The Treasury Department, meanwhile, announced it had seized approximately one billion dollars in Iranian cryptocurrency assets and imposed new sanctions on firms allegedly helping Iran's military-controlled petroleum company export oil to China and other markets. It also sanctioned an Iranian network accused of impersonating American small businesses to fraudulently purchase restricted technology and network security equipment for the Iranian armed forces. Secretary of State Marco Rubio was scheduled to meet Friday with Pakistan's foreign minister, who has been mediating the indirect U.S.-Iran talks. The question hanging over all of it: whether Trump would sign the deal his negotiators had brought to the table, or whether, as he suggested Wednesday, he would order the military to "finish the job" if Iran did not capitulate to his demands.

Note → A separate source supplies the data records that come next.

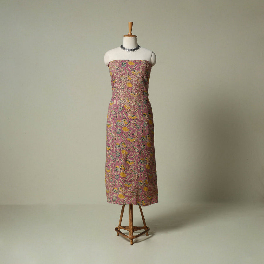 Lucknowi chikankari cotton sanganeri unstitched kurta material beautifully brings together two centuries old crafts delicate chikankari hand embroidery with traditional sanganeri hand block printing. While chikankari involves fine, detailed needlework done by hand, Sanganeri printing uses hand-carved wooden blocks to create intricate floral patterns. Crafted by skilled artisans, it can be tailored to suit your style, making it perfect for both occasions and refined everyday wear.
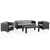 SP Berner - Set de Muebles de Jardín y Terraza Diva Tropea Color Grafito - Sofá 3 Plazas, 2 Sillones y Mesa de Centro - Fabricado en España con Plástico Reciclado
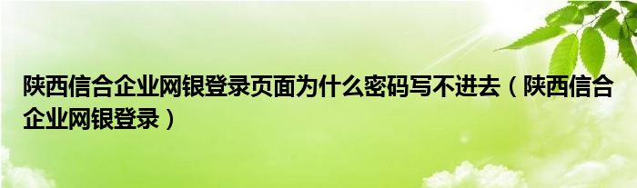 陕西信合企业网银登录页面为什么密码写不进去(陕西信合企业网银登录)
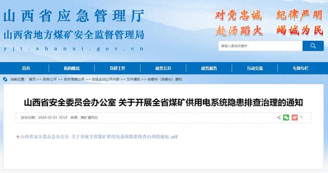 据山西省应急管理厅网站消息,2月1日,山西省安全委员会办公室印发《关于开展全省煤矿供用电系统隐患排查治理的通知》。
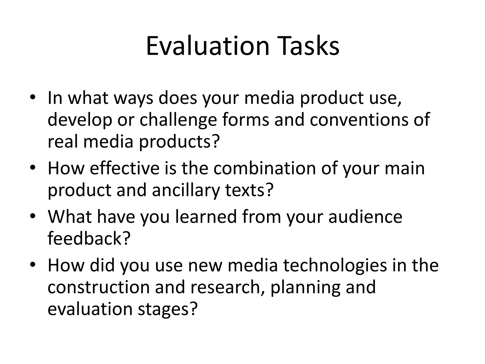 This document outlines four evaluation tasks for a media production project:
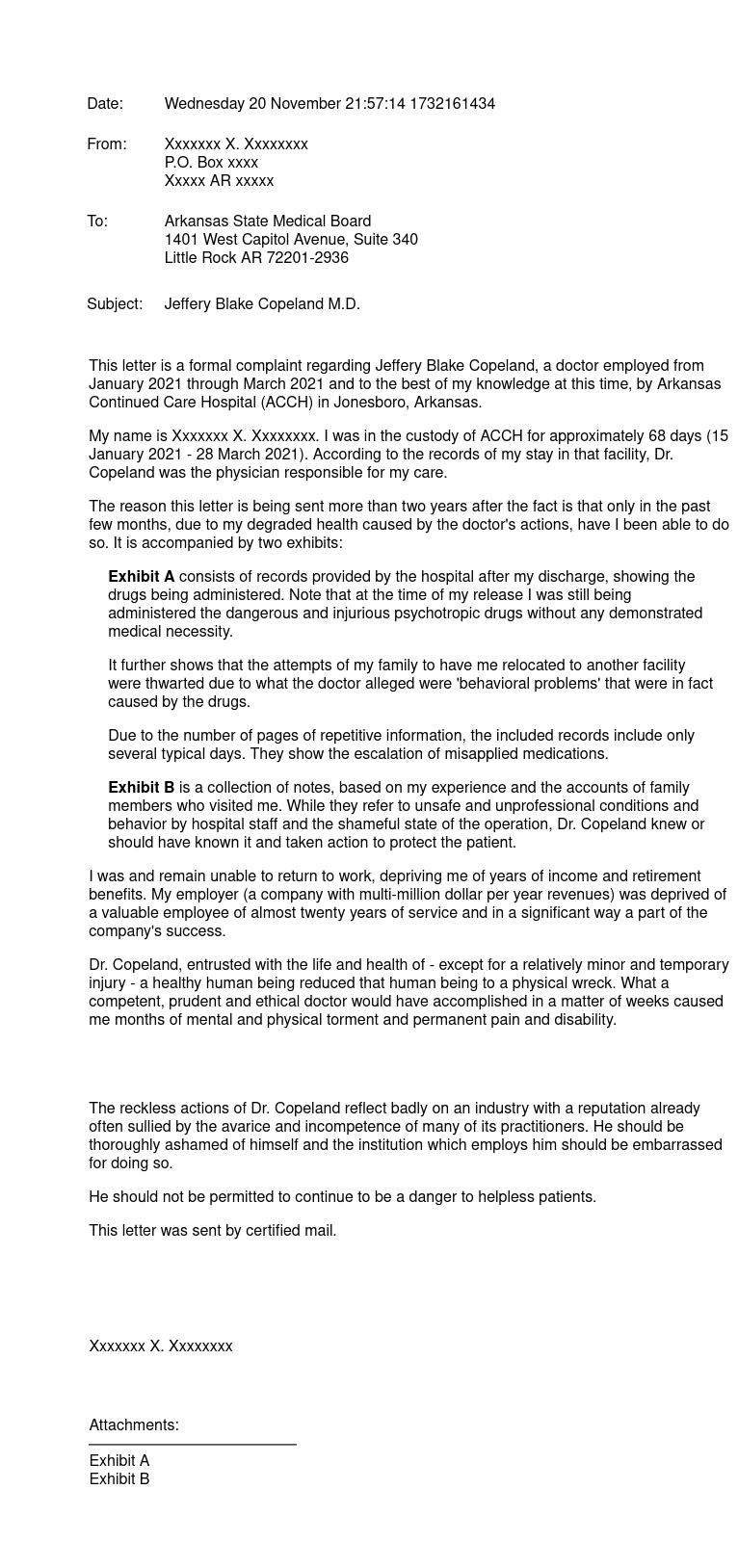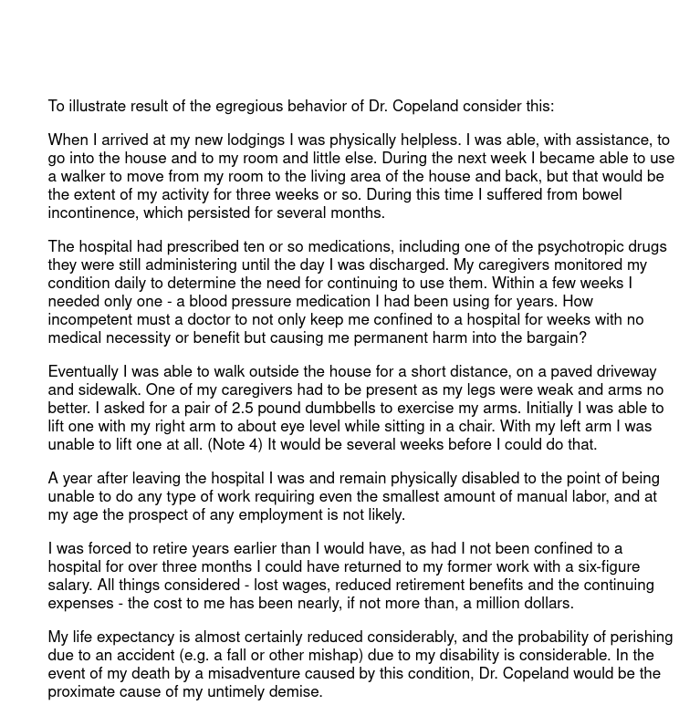 The reason this letter is being sent more than two years after the fact is that only in the past few months, due to my degraded health caused by the doctor's actions, have I been able to do so. It is accompanied by two exhibits:

We're not there yet, but we're very close, and we're going to keep on working at it.
— Vice President JD Vance, on U.S.-Iran negotiations
The winner of any agreement is the side that is better prepared for war the day after it is signed.
— Iran's chief negotiator Mohammed Bagher Ghalibaf
La Conversación del Hearth Otra perspectiva de la historia
Inventor

Why does Trump keep insisting on destroying Iran's uranium when Iran says that's not even part of the deal?

Model

Because he's trying to reset the terms entirely. He's not negotiating from where the talks actually are—he's announcing what he wants and daring Iran to accept it. It's a negotiating tactic, but it also signals he might not sign what his own team brought him.

Inventor

And Iran's response is to deny the whole thing is real?

Model

Exactly. They're saying the agreement hasn't been finalized, so Trump can't unilaterally rewrite it. It's a way of keeping their options open and not letting him dictate the narrative. Both sides are playing for position.

Inventor

What happens if he doesn't sign?

Model

The ceasefire stays fragile. The strait stays closed. Oil prices stay high. And the war in Lebanon keeps grinding on—eleven children a day, entire families wiped out. The economic pressure on the world gets worse heading into summer.

Inventor

So the deal is really about oil and markets, not principle?

Model

It's about both. Yes, the global economy needs that strait open. But Iran also needs sanctions relief and recognition of its role in the region. Trump wants Iran to have no nuclear capability and no control over shipping. Those are fundamentally incompatible positions right now.

Inventor

Can they bridge that gap?

Model

Maybe. Vance said they're "very close." But "very close" in diplomacy can mean months of haggling, or it can mean the whole thing collapses in hours. We won't know until Trump makes his decision.